Source records
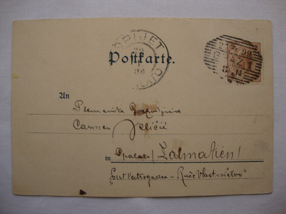 Stara njemačka umjetnička grussova dopisnica putovala 1899. godine iz GRAZA za SPLJET
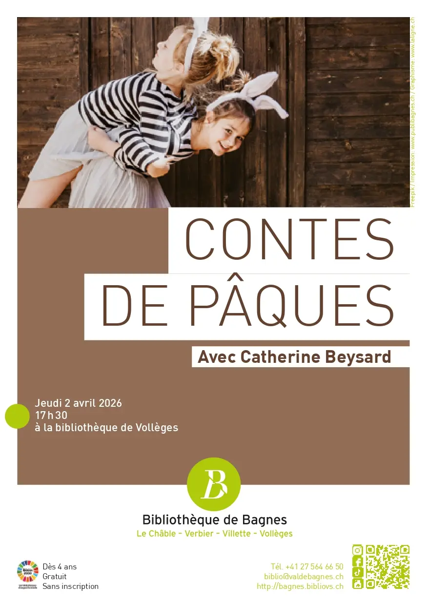 La bibliothèque de Vollèges accueille la talentueuse conteuse Catherine Beysard pour un moment enchanté autour des contes de Pâques.
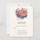 RSVP-Karte mit einer farbenprächtigen Sammlung von Frühlings- und Sommerkursen-Blume. Rosa Orange und Blau dominieren das Farbschema. Helle und mutige Blumenarrangements strahlen Glück aus. :
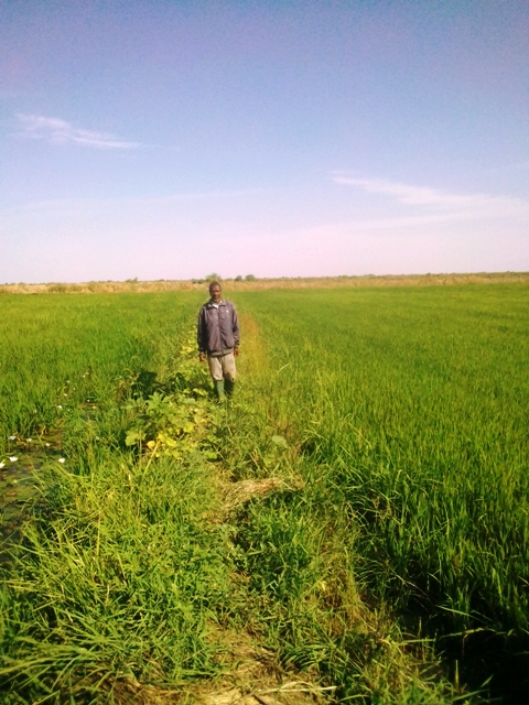 « Tu vois, je suis seul. Aujourd’hui, les enfants ne peuvent pas m’aider parce qu’ils sont à l’école. Chaque jour, il faut se lever à quatre heures du matin pour être là avant les mange-mil (premier danger pour les parcelles de riz à un mois de sa maturation). Pour me faire aider, j’ai été cherché un travailleur étranger mais ce qu’il me demande est au-dessus de mes moyens. »
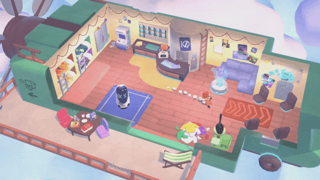 正式出发前的大本营是一艘空艇,上面有许多可以互动的小物件,包括一只可爱的小黑猫。
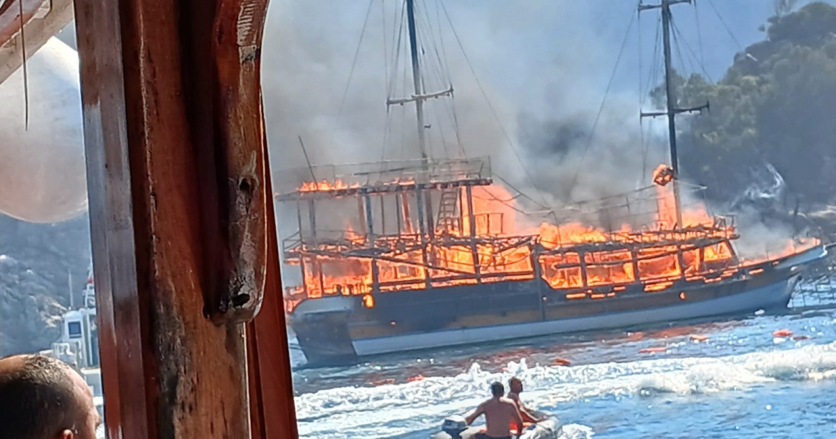 Muğla Marmaris ile Yunanistan açıklarında ahşap bir gezi teknesinde yangın çıktı. Kısa sürede tüm tekneyi saran alevlerden yolcular ve mürettebat denize atlayarak kurtulurken, adeta can pazarı yaşandı. Başka teknelerle mavi tura katılan pek çok kişi feci yangın karşısında panik yaşadı ve gözyaşlarına hakim olmadı.
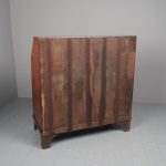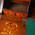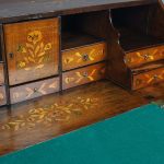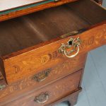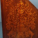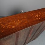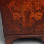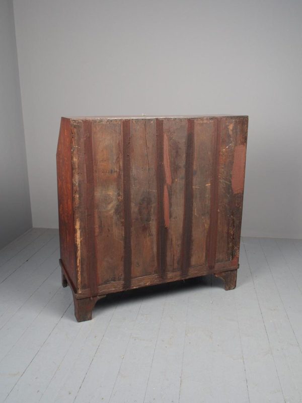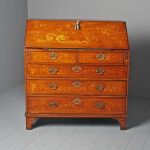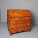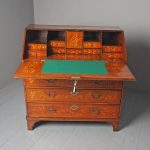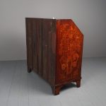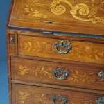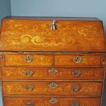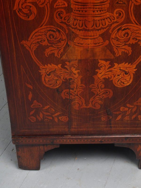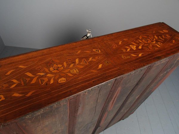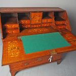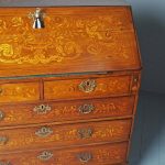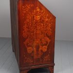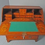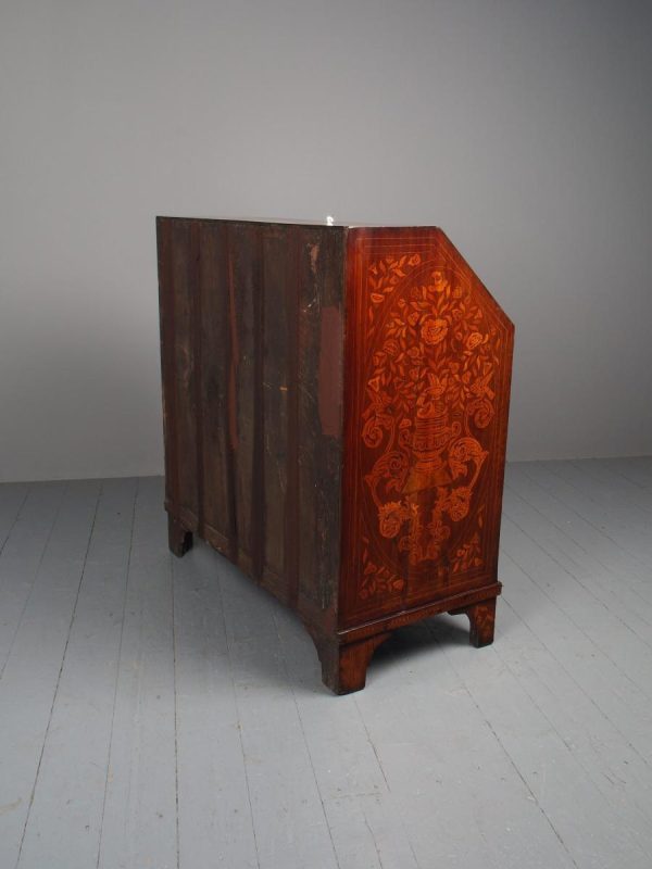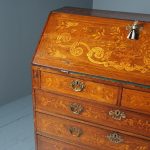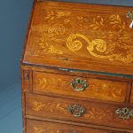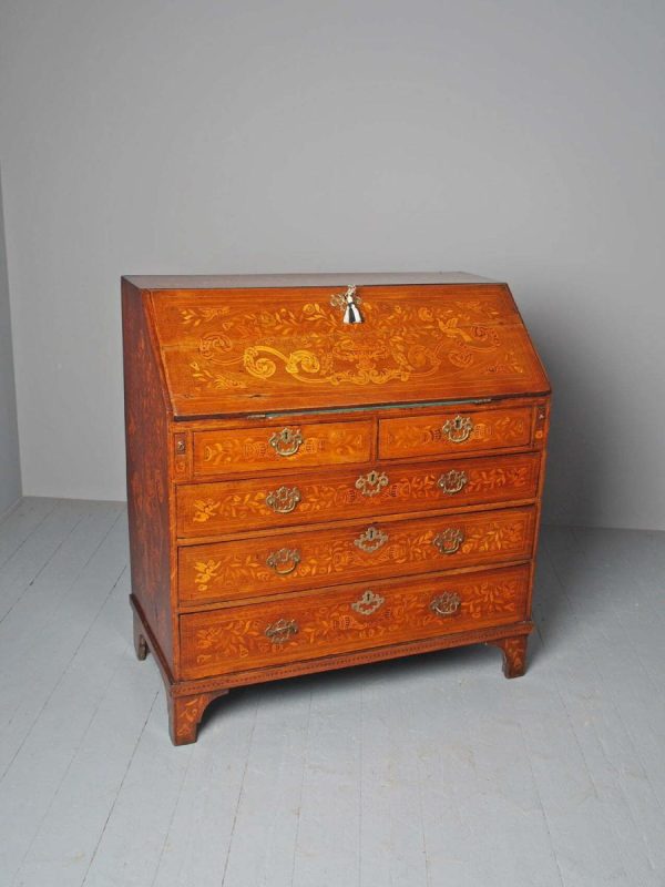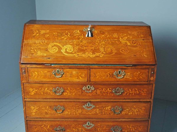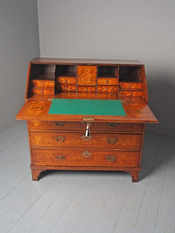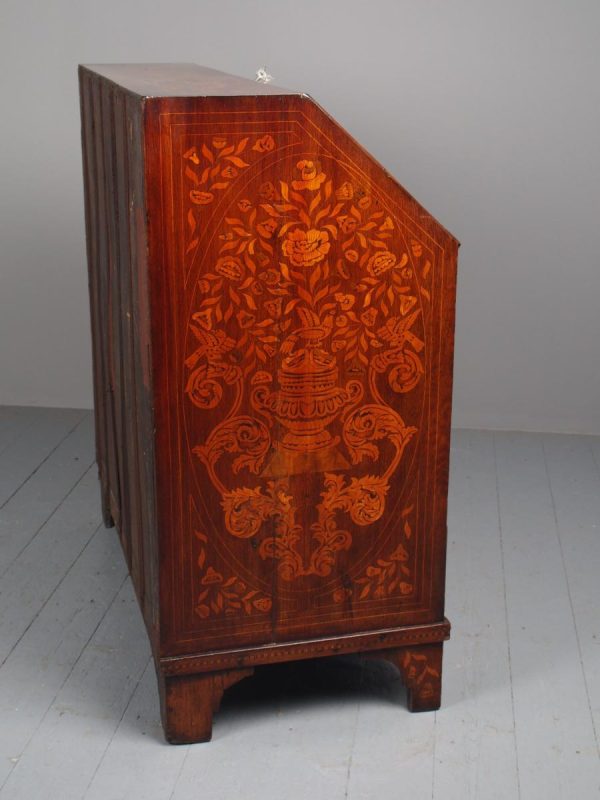 Circa 1820, unusual and large Dutch marquetry and oak frame bureau. The rectangular top with floral marquetry panels with a classic Dutch inlaid design of birds, swag tails and urns to the flap and a cast brass, pierced escutcheon. Opening to a fitted interior and felt covered writing surface surrounded by further marquetry. It has 2 short over 3 full length drawers with cast brass swan neck handles and inlaid designs, with the 2 lopers with cast brass axe head drops. Beneath is a chequered inlaid frieze, standing on 2 bracket feet with marquetry inlay and the gables featuring similar inlaid designs.
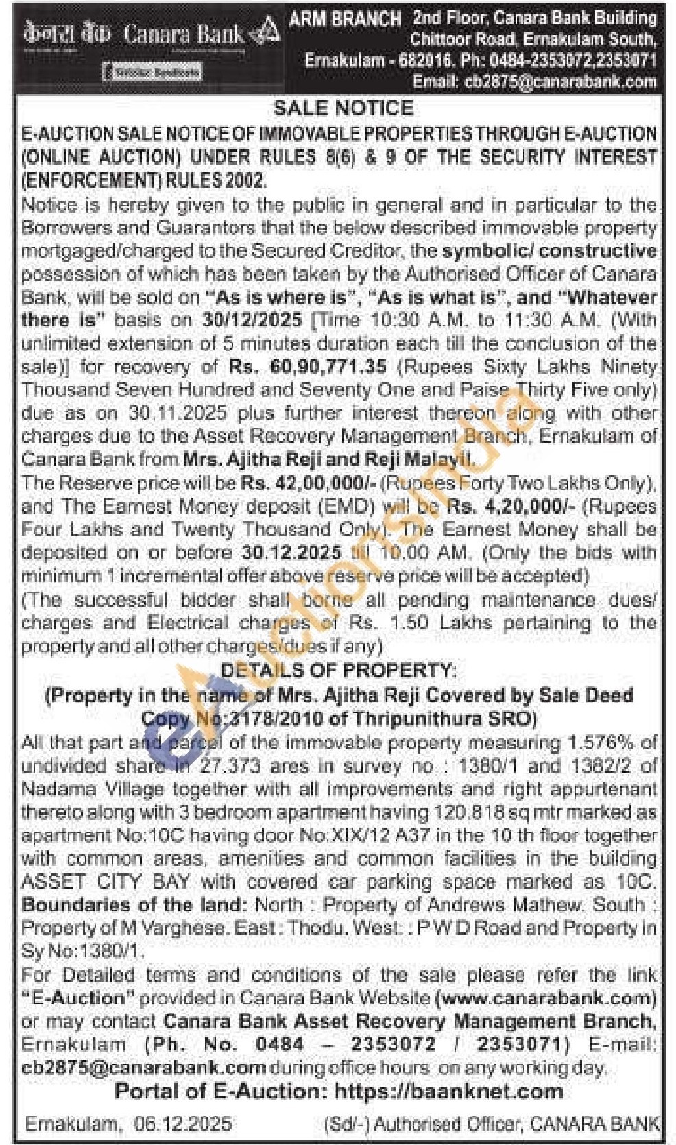 All that part and parcel of the immovable property measuring 1.576% of undivided share in 27.373 ares in survey no: 1380/1 and 1382/2 of Nadama Village together with all improvements and right appurtenant thereto along with 3 bedroom apartment having 120.818 sq mtr marked as apartment No: 10C having door No: XIX/12 A37 in the 10 th floor together with common areas, amenities and common facilities in the building ASSET CITY BAY with covered car parking space marked as 10C. Boundaries of the land: North: Property of Andrews Mathew. South: Property of M Varghese. East: Thodu. West:: PWD Road and Property in Sy No:1380/1

*WHAT THE TASK REQUIRES*
From the entries above, copy exactly the lines starting at the one with "Tu vois, je" and stopping at the one with "Muğla Marmaris ile", keeping both ends. Drop the pictures.

*RESULT BELOW*
 « Tu vois, je suis seul. Aujourd’hui, les enfants ne peuvent pas m’aider parce qu’ils sont à l’école. Chaque jour, il faut se lever à quatre heures du matin pour être là avant les mange-mil (premier danger pour les parcelles de riz à un mois de sa maturation). Pour me faire aider, j’ai été cherché un travailleur étranger mais ce qu’il me demande est au-dessus de mes moyens. »
 正式出发前的大本营是一艘空艇,上面有许多可以互动的小物件,包括一只可爱的小黑猫。
 Muğla Marmaris ile Yunanistan açıklarında ahşap bir gezi teknesinde yangın çıktı. Kısa sürede tüm tekneyi saran alevlerden yolcular ve mürettebat denize atlayarak kurtulurken, adeta can pazarı yaşandı. Başka teknelerle mavi tura katılan pek çok kişi feci yangın karşısında panik yaşadı ve gözyaşlarına hakim olmadı.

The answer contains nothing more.